Machine Learning
What is machine learning?
“Algorithms that parse data, learn from that data, and then apply what they’ve learned to make informed decisions”
Classification of Machine Learning
1.) Supervised Learning
Supervised learning is where you have input variables (x) and an output variable (Y) and you use an algorithm to learn the mapping function from the input to the output.
Y = f(X)
The goal is to approximate the mapping function so well that when you have new input data (x) that you can predict the output variables (Y) for that data.
It is called supervised learning because the process of an algorithm learning from the training dataset can be thought of as a teacher supervising the learning process. We know the correct answers, the algorithm iteratively makes predictions on the training data and is corrected by the teacher. Learning stops when the algorithm achieves an acceptable level of performance.
Supervised learning problems can be further grouped into regression and classification problems.
- Classification: A classification problem is when the output variable is a category, such as “red” or “blue” or “disease” and “no disease”.
- Regression: A regression problem is when the output variable is a real value, such as “dollars” or “weight”.

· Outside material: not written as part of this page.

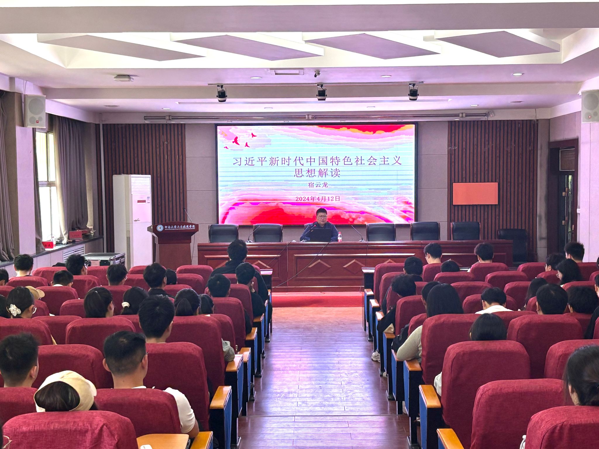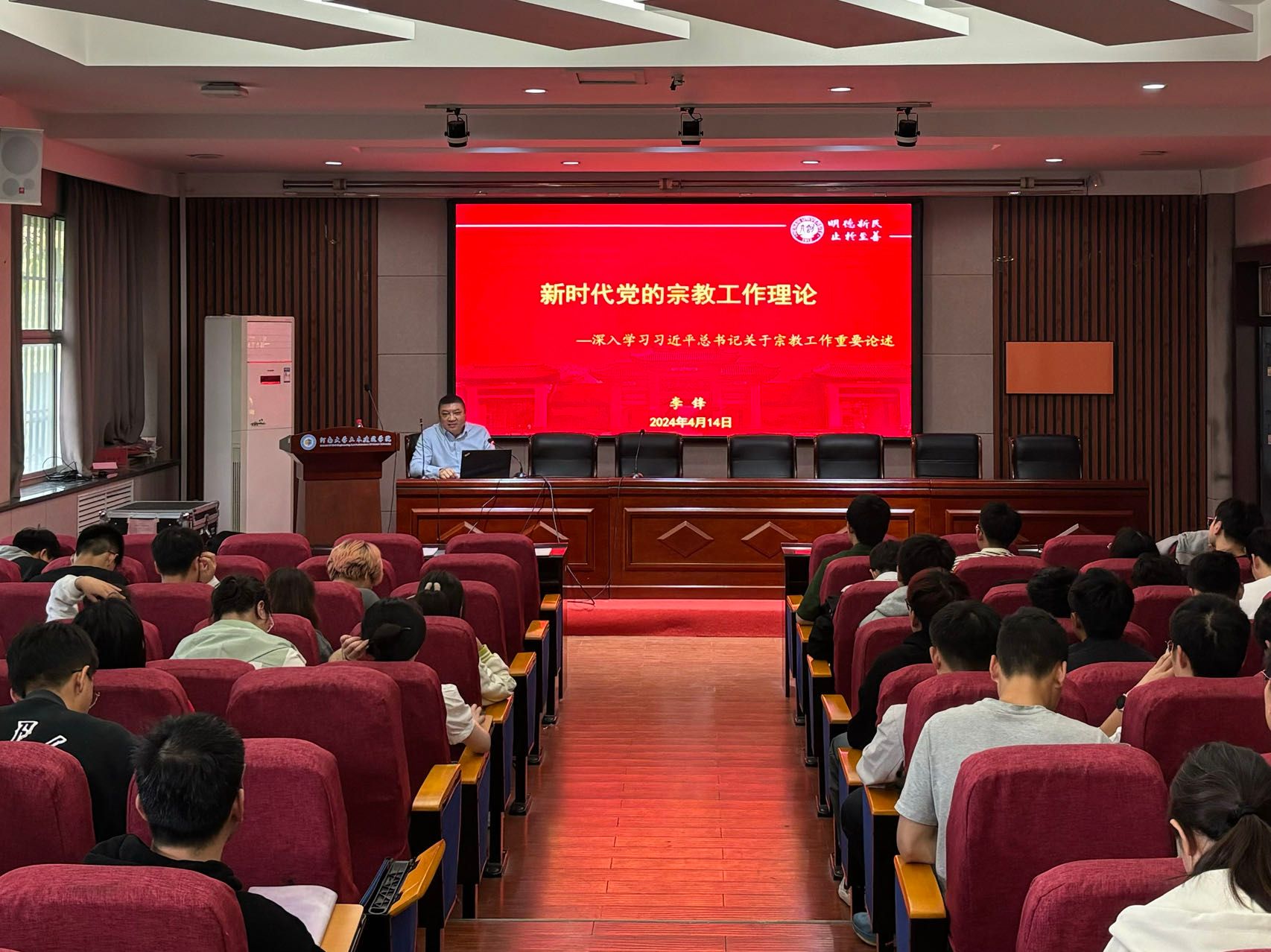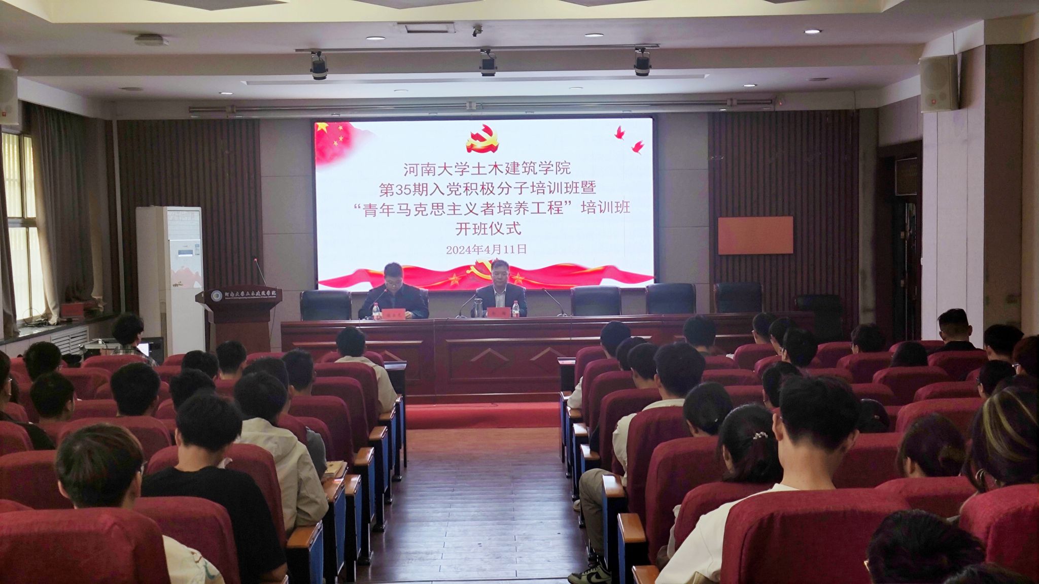 4月11日下午举行了开班仪式。学院党委书记南晗出席大会。学院124名入党积极分子与25名“青马班”学员参加仪式。仪式由学院学生工作负责人、培训班班主任宿云龙主持。

Some common types of problems built on top of classification and regression include recommendation and time series prediction respectively.
Some popular examples of supervised machine learning algorithms are:
- Linear regression for regression problems.

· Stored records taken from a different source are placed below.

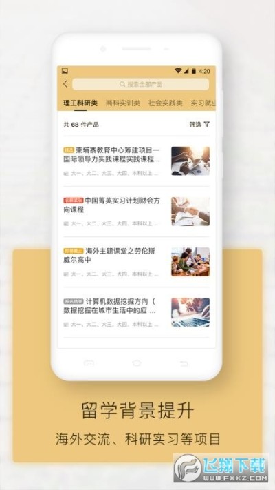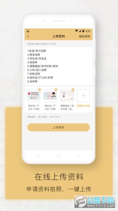 出国全程通app是一款专业的出国留学综合服务平台,致力于协助想要出国留学的用户申请留学,向用户教给一些出国留学必须掌握的专业知识內容;服务平台提供申请办理递交作用,用户需要将自身的个人信息、文凭情况及其语言考试成绩等信息内容填好到申请办理,那样专业的留学生才能协助你分析什么学校可以报考入学,另外也便捷替你提交就读申请。
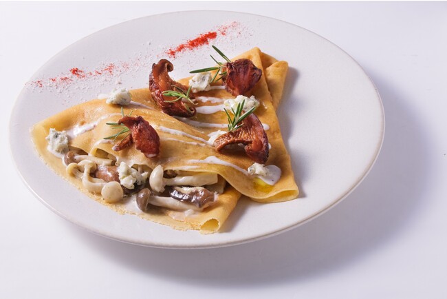 たっぷりのキノコと自家製鶏ハムのプロヴァンス風マリネを包み混んだ焼きたてのクレープ。風味豊かなゴルゴンゾーラチーズをアクセントに。
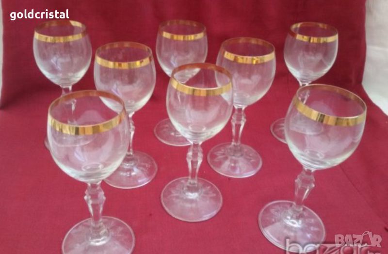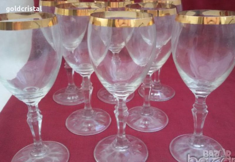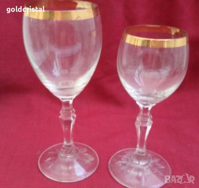 кристални чаши с перфектен широк златен кант за ракия 6бр-45€ и за вино 6бр-60€ неизползвани сервиз комплект сет лот стари старинни ретро арт декор винтидж колекция стари старинни антикварни предмети обзавеждане за дома и семейството подходящи за подарък за ценители и колекционери

- Random forest for classification and regression problems.
- Support vector machines for classification problems.
2.)Unsupervised Machine Learning
Unsupervised learning is where you only have input data (X) and no corresponding output variables.
The goal for unsupervised learning is to model the underlying structure or distribution in the data in order to learn more about the data.
These are called unsupervised learning because unlike supervised learning above there is no correct answers and there is no teacher. Algorithms are left to their own devises to discover and present the interesting structure in the data.
Unsupervised learning problems can be further grouped into clustering and association problems.
- Clustering: A clustering problem is where you want to discover the inherent groupings in the data, such as grouping customers by purchasing behavior.
- Association: An association rule learning problem is where you want to discover rules that describe large portions of your data, such as people that buy X also tend to buy Y.
Some popular examples of unsupervised learning algorithms are:
- k-means for clustering problems.
- Apriori algorithm for association rule learning problems.
3.) Reinforcement Learning
Reinforcement Learning(RL) is a type of machine learning technique that enables an agent to learn in an interactive environment by trial and error using feedback from its own actions and experiences.
In Reinforcement learning decision is dependent, So we give labels to sequences of dependent decisions
Types of Reinforcement: There are two types of Reinforcement:
- Positive –Positive Reinforcement is defined as when an event, occurs due to a particular behavior, increases the strength and the frequency of the behavior. In other words, it has a positive effect on behavior.
- Negative –Negative Reinforcement is defined as strengthening of a behavior because a negative condition is stopped or avoided.